Now, here’s the next key to understand. Now we have two main types of vectors being put together, a “point vector” and a “direction vector.” A point vector, obviously, can be specified in integers if you are constrained to an integer coordinate space, which is especially the case if your data is coming from spatial measurement sensors. A direction vector, now that is generally something that is derived from two points in the coordinate space. So, your direction vector too can also be specified in integers.
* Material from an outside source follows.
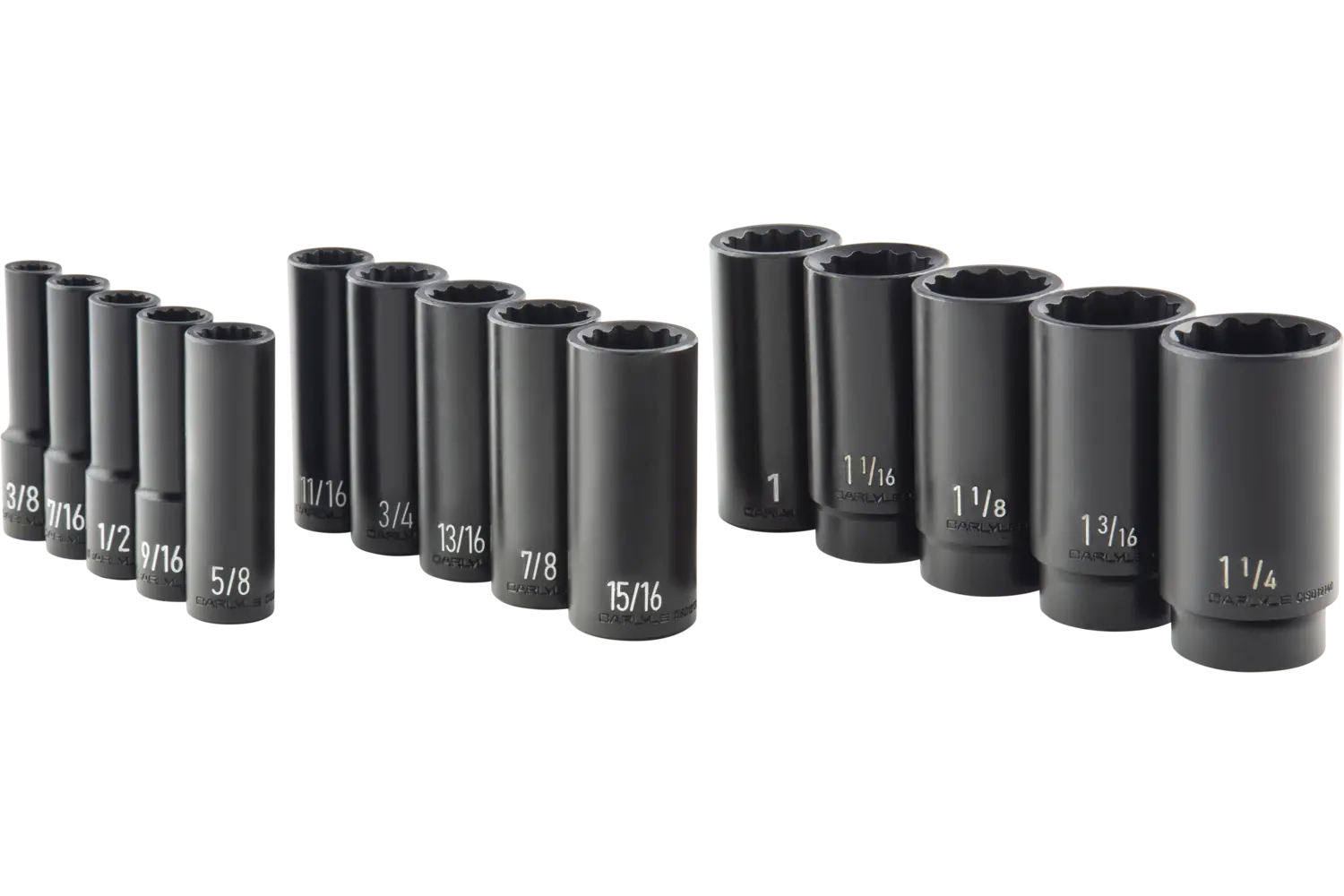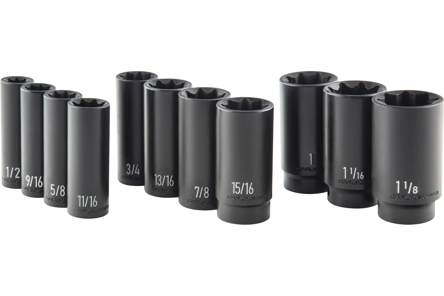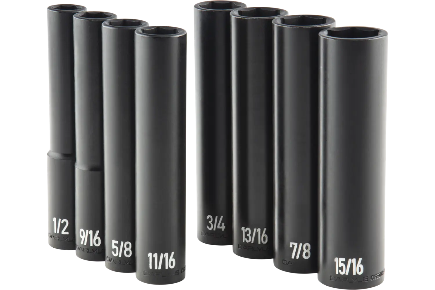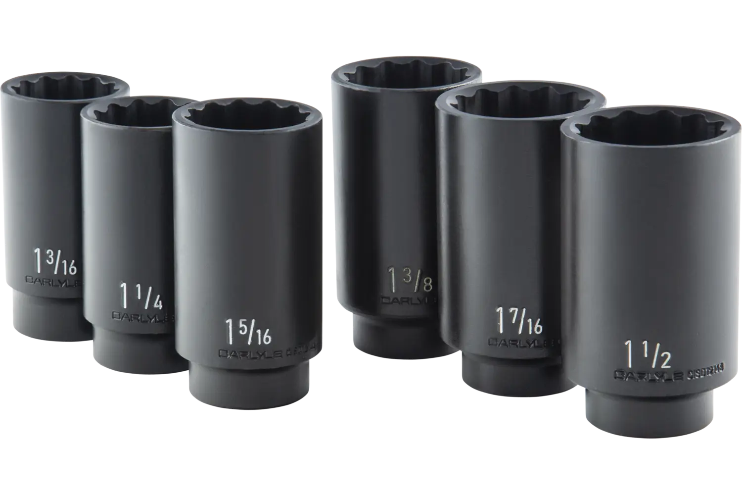 The Carlyle 1/2 in. Drive Deep Impact Socket Set - SAE is engineered for durability and performance, making it an essential tool for demanding applications. Forged from chrome molybdenum alloy steel, these sockets are built to withstand heavy-duty use while delivering consistent performance. The radius corner design offers a secure grip on fasteners, while the chamfered openings allow for quick and seamless connections. Available in multiple configurations, this set includes a plastic storage tray or blow mold case for convenient organization. Built for professionals and DIYers, this set is perfect for tackling tough jobs with confidence.

Okay, so that’s nice and all for reformulating the equations, but how
do we solve this? Now, here is the key that comes from properly
understanding the geometric analogy. When you have a point and a
direction, you can specify the equation of a plane. The equation of a
plane can also be specified as a ray and an offset from the origin
along that ray, hence the euqation Ax + b = 0
. A “point vector” can
be understood as a displacement vector from the origin point. When
you multiply the two vectors together, you are in effect taking the
dot product, and the equation is asserting that the dot product, the
distance of the point vector along the direction of the direction
vector, is equal to the offset b
. The direction vector itself
defines the surface normal, the perpendicular vector, of the given
plane.
Geometrically, you can solve a system of equations in a triangular fashion, and in fact this is a variant of the triangular method for solving a system of equations. First you intersect two planes to get a line. Then you intersect the line with a third plane to get a point. And although I’ve principally defined this in three dimensions, it can be extended to any number of dimensions. By definition, a linear equation contrains one linear variable, one axis, effectively subtracting one dimension. So each time you compute the intersection of two equations, you are subtracting one dimension, until you get to the zero-dimensional quantity, a point. This is why you need two equations to solve for a point in two dimensions, three equations to solve for a point in three dimensions, and so on.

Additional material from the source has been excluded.